> **Available data**
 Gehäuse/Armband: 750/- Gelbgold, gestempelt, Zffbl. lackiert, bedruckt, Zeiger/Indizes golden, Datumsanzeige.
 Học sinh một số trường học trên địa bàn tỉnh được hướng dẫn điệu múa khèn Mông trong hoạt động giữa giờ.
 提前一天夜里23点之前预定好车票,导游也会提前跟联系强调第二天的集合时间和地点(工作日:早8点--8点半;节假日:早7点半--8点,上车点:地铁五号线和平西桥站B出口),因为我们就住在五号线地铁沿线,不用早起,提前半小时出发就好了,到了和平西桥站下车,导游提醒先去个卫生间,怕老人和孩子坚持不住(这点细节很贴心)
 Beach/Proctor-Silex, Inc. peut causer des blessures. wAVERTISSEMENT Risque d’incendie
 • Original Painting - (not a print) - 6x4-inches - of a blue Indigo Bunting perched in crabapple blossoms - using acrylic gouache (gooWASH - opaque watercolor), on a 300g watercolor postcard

...

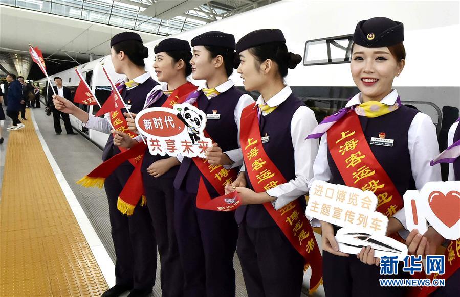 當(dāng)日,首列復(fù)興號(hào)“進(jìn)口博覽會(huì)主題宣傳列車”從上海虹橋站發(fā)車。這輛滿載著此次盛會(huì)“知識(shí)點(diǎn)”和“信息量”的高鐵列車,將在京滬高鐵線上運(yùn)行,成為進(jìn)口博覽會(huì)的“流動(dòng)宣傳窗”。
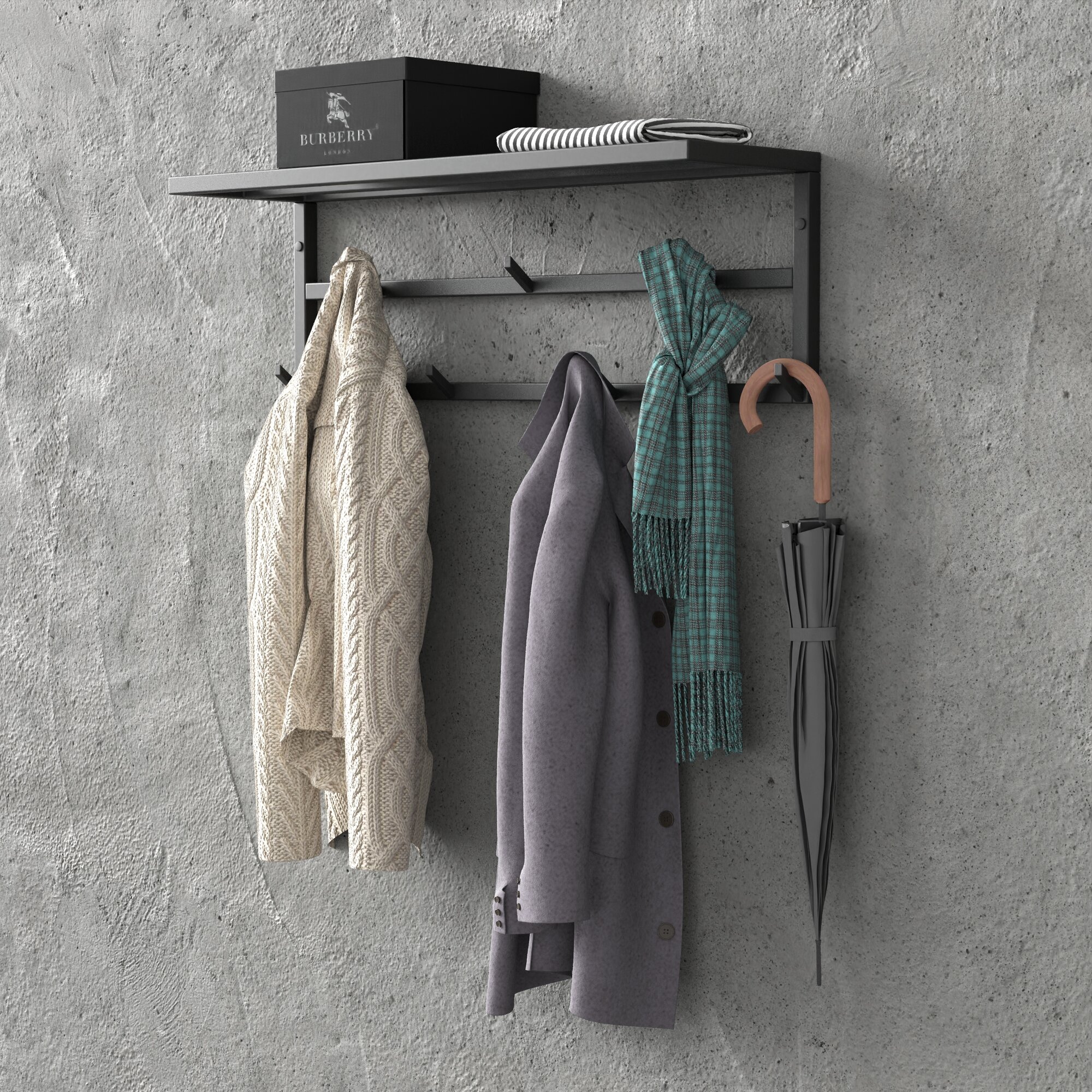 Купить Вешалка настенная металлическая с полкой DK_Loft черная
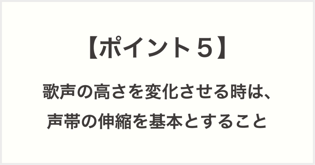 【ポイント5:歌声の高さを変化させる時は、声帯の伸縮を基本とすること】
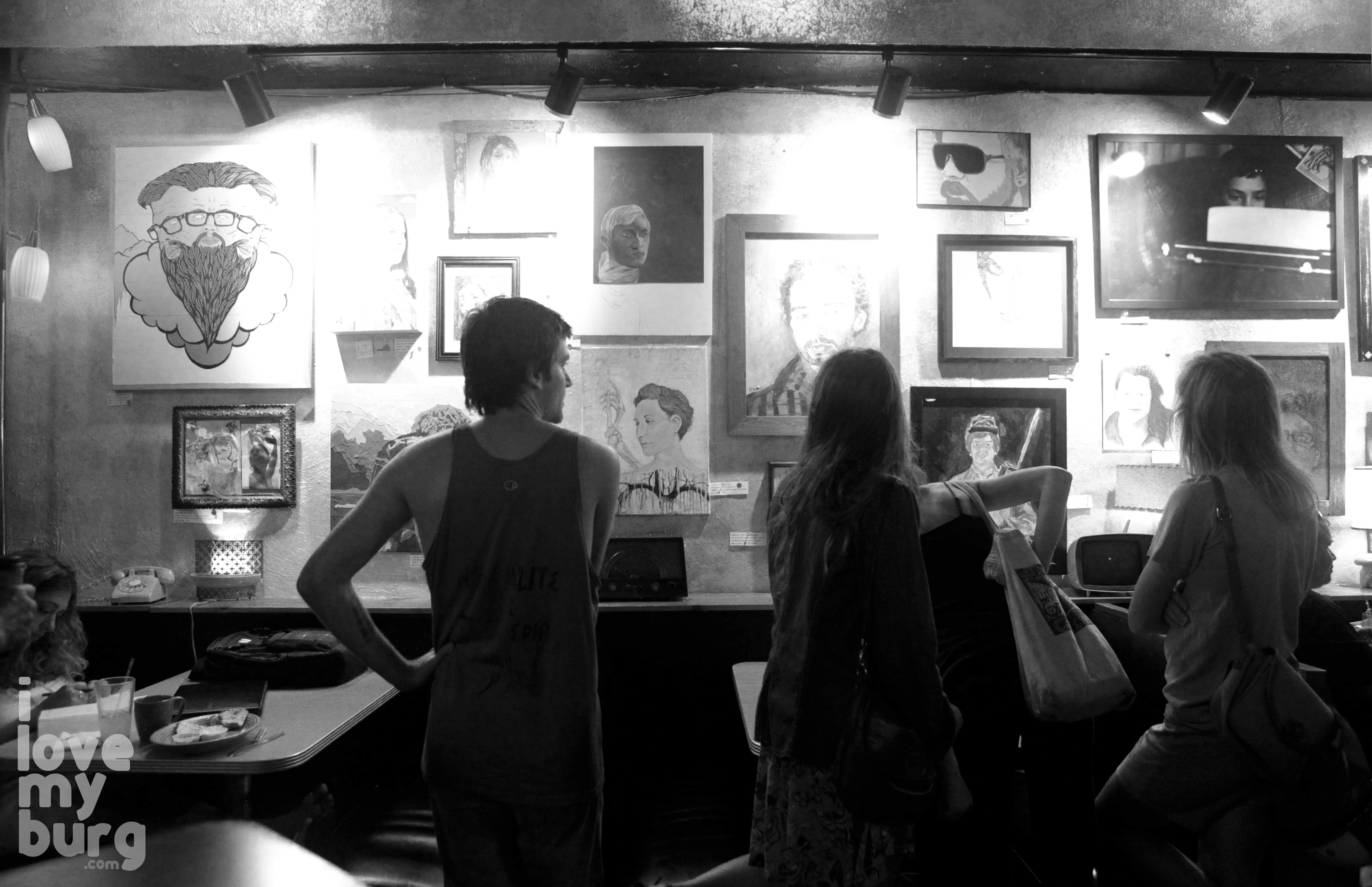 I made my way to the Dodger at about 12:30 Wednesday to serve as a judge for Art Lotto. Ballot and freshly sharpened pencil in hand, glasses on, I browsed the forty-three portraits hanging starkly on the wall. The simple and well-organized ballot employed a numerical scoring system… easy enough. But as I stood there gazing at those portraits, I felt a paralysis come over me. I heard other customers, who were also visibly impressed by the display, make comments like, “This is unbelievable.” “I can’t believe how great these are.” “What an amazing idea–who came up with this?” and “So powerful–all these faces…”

==

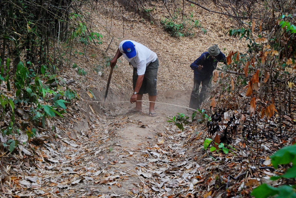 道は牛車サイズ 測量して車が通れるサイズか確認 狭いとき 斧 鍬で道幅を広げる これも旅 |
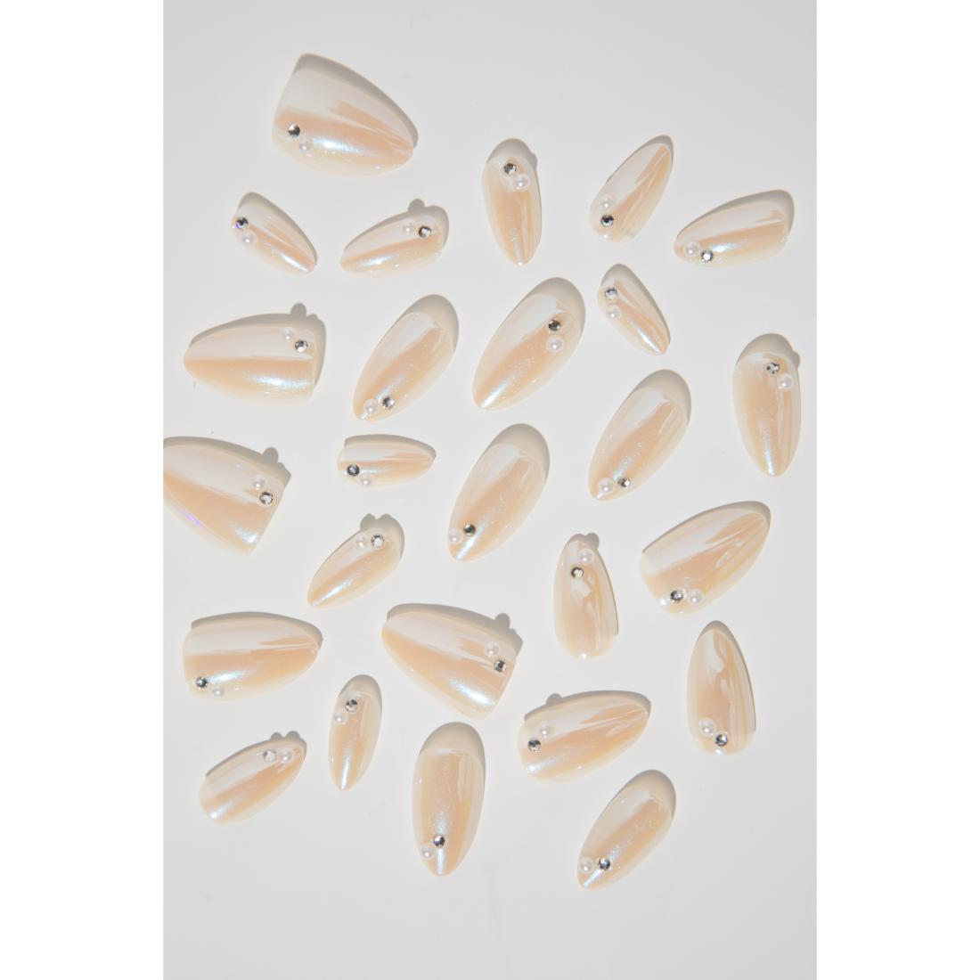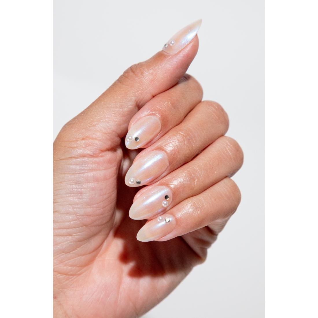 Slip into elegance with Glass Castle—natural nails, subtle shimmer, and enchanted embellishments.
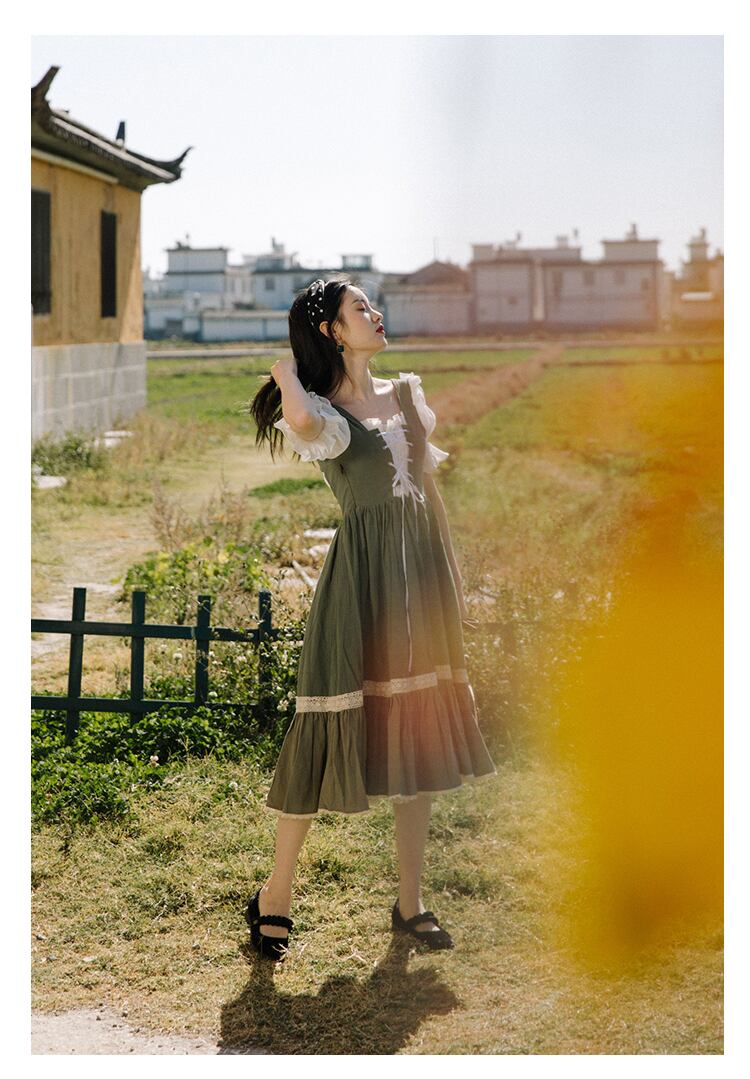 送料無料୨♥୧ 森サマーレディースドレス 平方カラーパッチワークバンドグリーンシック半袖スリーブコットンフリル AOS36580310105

> **Task description**
In the listing above, locate the line containing "Học sinh một" and the line containing "300g watercolor postcard". Extract those two lines and every line between them, exactly as written, and only those.

> **Solution for this problem**
 Học sinh một số trường học trên địa bàn tỉnh được hướng dẫn điệu múa khèn Mông trong hoạt động giữa giờ.
 提前一天夜里23点之前预定好车票,导游也会提前跟联系强调第二天的集合时间和地点(工作日:早8点--8点半;节假日:早7点半--8点,上车点:地铁五号线和平西桥站B出口),因为我们就住在五号线地铁沿线,不用早起,提前半小时出发就好了,到了和平西桥站下车,导游提醒先去个卫生间,怕老人和孩子坚持不住(这点细节很贴心)
 Beach/Proctor-Silex, Inc. peut causer des blessures. wAVERTISSEMENT Risque d’incendie
 • Original Painting - (not a print) - 6x4-inches - of a blue Indigo Bunting perched in crabapple blossoms - using acrylic gouache (gooWASH - opaque watercolor), on a 300g watercolor postcard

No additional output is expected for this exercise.